Trois hommes arrêtés la semaine dernière pour leur appartenance présumée à un groupe néo-nazi interdit au Royaume-Uni ont été inculpés pour terrorisme, a annoncé lundi la police des West Midlands, dans le centre de l’Angleterre.

Deux d’entre eux – Mikko Vehvilainen, 32 ans, et Mark Barrett, 24 ans – sont des militaires britanniques domiciliés dans des casernes au Pays de Galles et à Chypre.

Selon le communiqué de la police, ces deux hommes ainsi qu’Alexander Deakin, 22 ans, ont été inculpés pour appartenance au groupe néo-nazi interdit « National Action ».

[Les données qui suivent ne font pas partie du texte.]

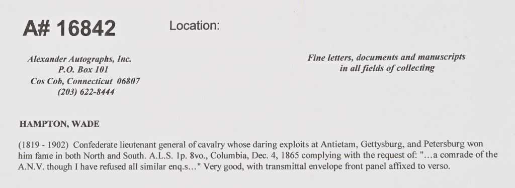 Dated Dec. 4, 1865. With transmittal envelope front panel affixed to verso.

Deakin et Vehvilainen ont également été inculpés pour possession de documents contenant des informations susceptibles d’être utilisée à des fins terroristes et incitation à la haine raciale.

Les trois hommes seront présentés à un juge mardi à Londres, d’après la même source.

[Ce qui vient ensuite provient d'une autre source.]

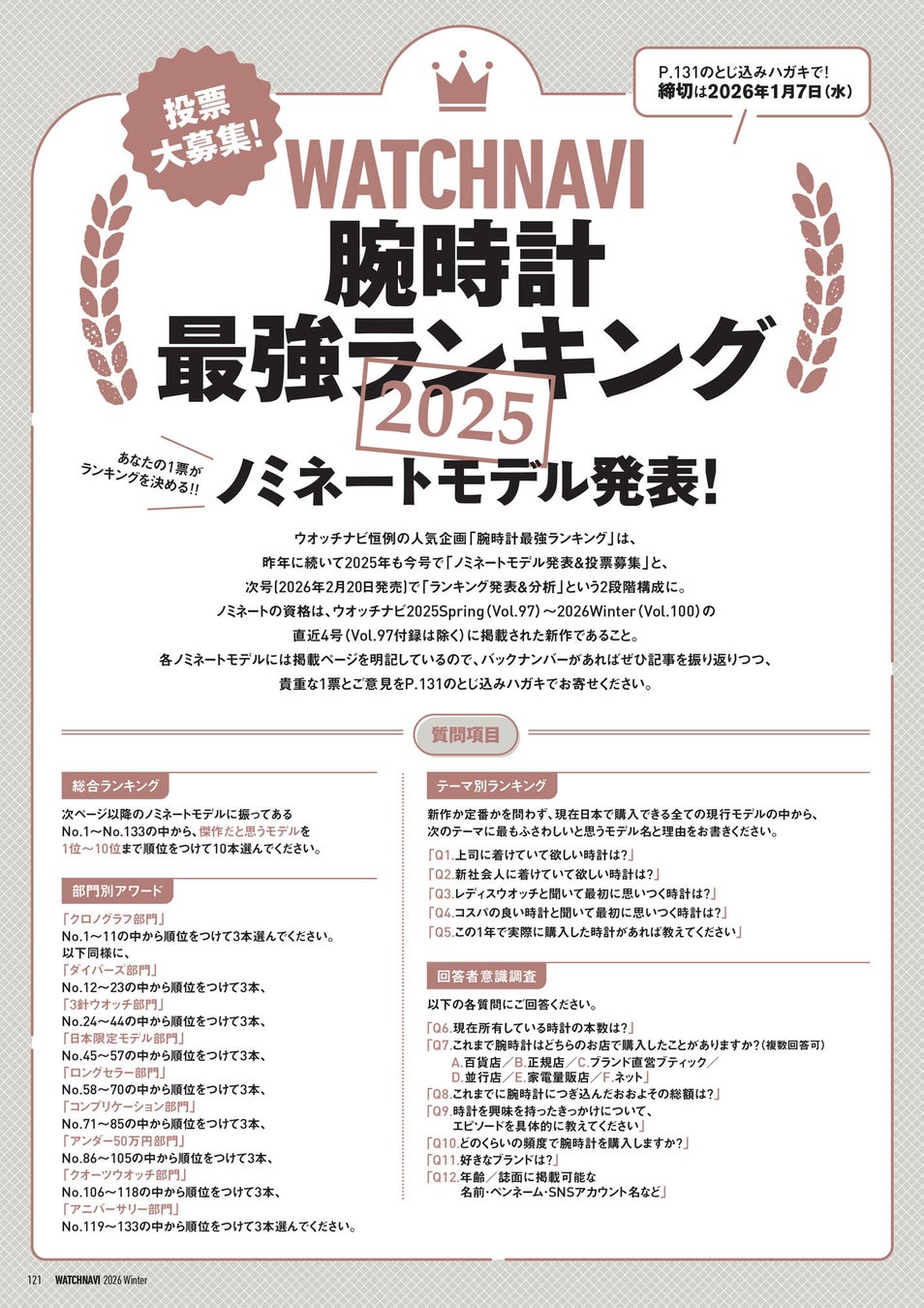 WATCHNAVI 2026 WINTER 1月号 Vol.100

Le 5 septembre, cinq hommes soupçonnés de préparer des actes terroristes, dont quatre militaires, avaient été arrêtés. Deux d’entre eux avaient été remis en liberté sans inculpation, selon l’agence de presse Press Association.

« Ces arrestations étaient planifiées et fondées sur le renseignement », a indiqué la police dans le communiqué, ajoutant qu’il n’y avait « pas de risque pour la sécurité publique ».

« National Action » est le premier groupe d’extrême droite à avoir été interdit au Royaume-Uni, en décembre 2016, en vertu de la législation antiterroriste britannique.

Toute personne membre de l’organisation ou sympathisant s’expose à des poursuites criminelles pouvant entraîner une peine pouvant aller jusqu’à dix ans d’emprisonnement.

En décembre, la ministre de l’Intérieur Amber Rudd avait qualifié l’organisation « National Action » de « raciste, antisémite et homophobe », et estimé qu’elle n’avait « pas sa place au Royaume-Uni ».

L’organisation avait salué le « sacrifice » du meurtrier de Jo Cox, la députée travailliste assassinée en juin 2016, peu avant le référendum sur le maintien du Royaume-Uni dans l’UE, par un sympathisant néo-nazi.